Of course, Americans and their leaders will continue to speak in the name of God, even profess grand things about God, as they make their case for American Exceptionalism and the righteousness of the American Way. But from a scriptural point of view, this rhetoric is all rubbish. What matters is not what you say but how you live.  And from a Christian point of view, nothing matters more than living a life that is inspired by God’s love for everyone. (1 Corinthians chapter 13)

In Matthew’s gospel (chapter 25) readers are taken to the time when God judges all the nations of the world. It is a rather terrifying scene because many of the people present at this judgement are convinced that they are the legitimate inheritors of the Kingdom of God.

But God is not fooled. God simply asks... Did you feed the hungry, offer drink to the thirsty, welcome the stranger, clothe the naked, care for the sick and visit those in prison?

How will America fare in this time of judgment, especially when we admit as evidence the  millions of Americans (many of them children and the elderly) who do not have enough good food to eat, or the millions of Americans who have to drink water polluted with lead and industrial/agricultural pollutants?  

What about the refugees and immigrants who are being refused at our borders and made to feel unwelcome in our land, or the homeless, many of them ill, who do not have a home and proper shelter from the elements, or the prison inmates, many of them African American, who are treated like the garbage of society?  See, in America it does matter where you live and what color you are and how much money you have.  The people of color in Flint Michigan with lead poisoned water are far less important than the people of Malibu California.

God is asking the nations about their public policy, not their verbal piety, because the true test of Christianity has only ever been and always will be... the test of love.

Imagine a political leader saying, “If I speak in the tongues of mortals and of angels, but do not have love, I am a noisy gong or a clanging cymbal. And if I have prophetic powers, and understand all mysteries and all knowledge, and if I have all faith, so as to remove mountains, but do not have love, I am nothing” (1 Corinthians 13:1-2).

Love or noise? Love or nothing? Christianity hinges on how people choose between them. If Americans were serious about being a Christian nation, they would call forth and elect leaders who are patient and kind, and never boastful or rude.
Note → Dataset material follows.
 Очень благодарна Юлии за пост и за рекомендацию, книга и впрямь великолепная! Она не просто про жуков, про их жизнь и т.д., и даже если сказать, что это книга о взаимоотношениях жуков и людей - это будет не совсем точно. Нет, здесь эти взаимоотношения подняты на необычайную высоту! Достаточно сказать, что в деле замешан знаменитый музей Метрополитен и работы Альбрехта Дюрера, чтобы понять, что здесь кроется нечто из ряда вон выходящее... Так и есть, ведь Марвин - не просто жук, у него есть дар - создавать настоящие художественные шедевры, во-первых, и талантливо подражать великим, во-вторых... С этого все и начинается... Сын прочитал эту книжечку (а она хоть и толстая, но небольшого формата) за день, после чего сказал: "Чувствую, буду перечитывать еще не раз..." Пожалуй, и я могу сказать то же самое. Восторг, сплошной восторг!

They would demand a political process much less characterized by vitriol and noise.  But for that to happen, the people who vote would themselves need to espouse the virtues of love.  You see, we don’t get the opposite of who we are... we get exactly a reflection of our own core values.  That’s why this years political candidates are woefully insufficient to the tasks of inspiring and pristine leadership. Ain’t pretty but its true!
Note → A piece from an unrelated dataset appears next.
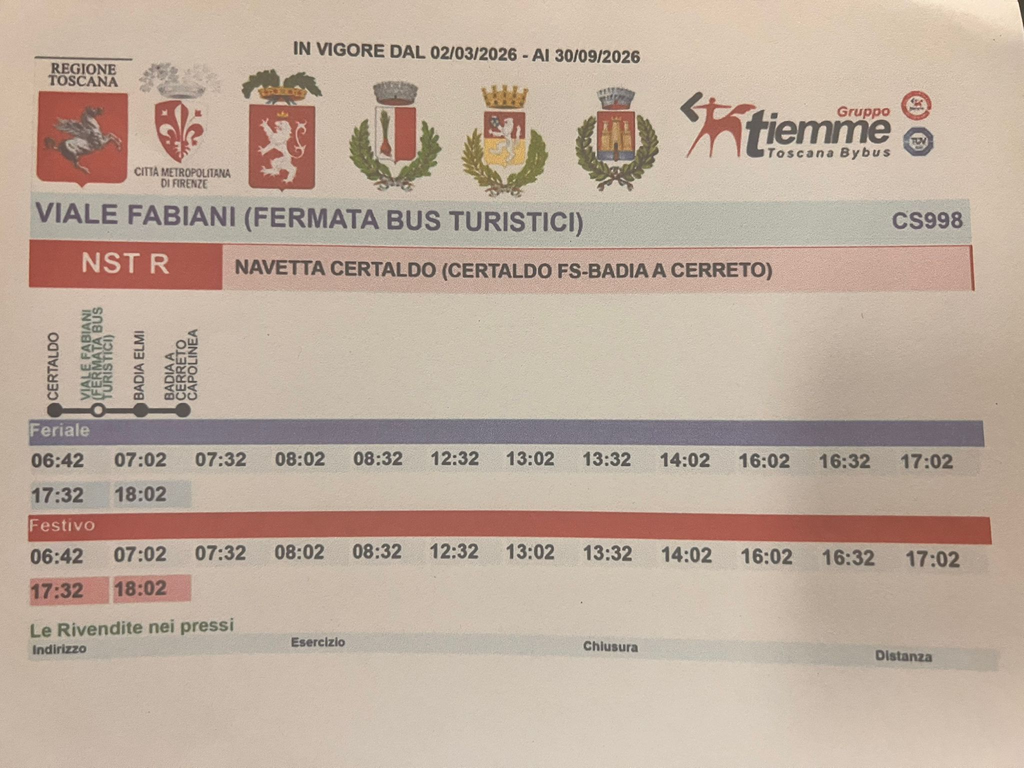 Le fermate utilizzate saranno quelle già esistenti del trasporto pubblico locale, opportunamente segnalate, e gli orari saranno consultabili sui siti istituzionali dei Comuni coinvolti, tra cui Certaldo, San Gimignano e Gambassi Terme oltre che in corrispondenza delle stesse fermate.

America, BE who you are and tell it like it really is.  Or, look in the mirror, change, and start living what you say you are... a Christian nation!  Contemplating an end to the rhetoric of a “Christian America,” is not the same as suggesting an end to Christianity in America. 

However, the violence and hate, and the greed and the lack of sympathy for those deemed to be threatening minorities, all those outside the prevailing majority who make the rules, strongly suggest that now is precisely the time for a sustained re-infusion of God’s love in our American foundations.  

But for that love to be genuinely Christian, and not a projection of our own fear, anxiety  or arrogance, citizens are going to have to separate once and for America’s true nature from true Christian ideals. They are not the same thing.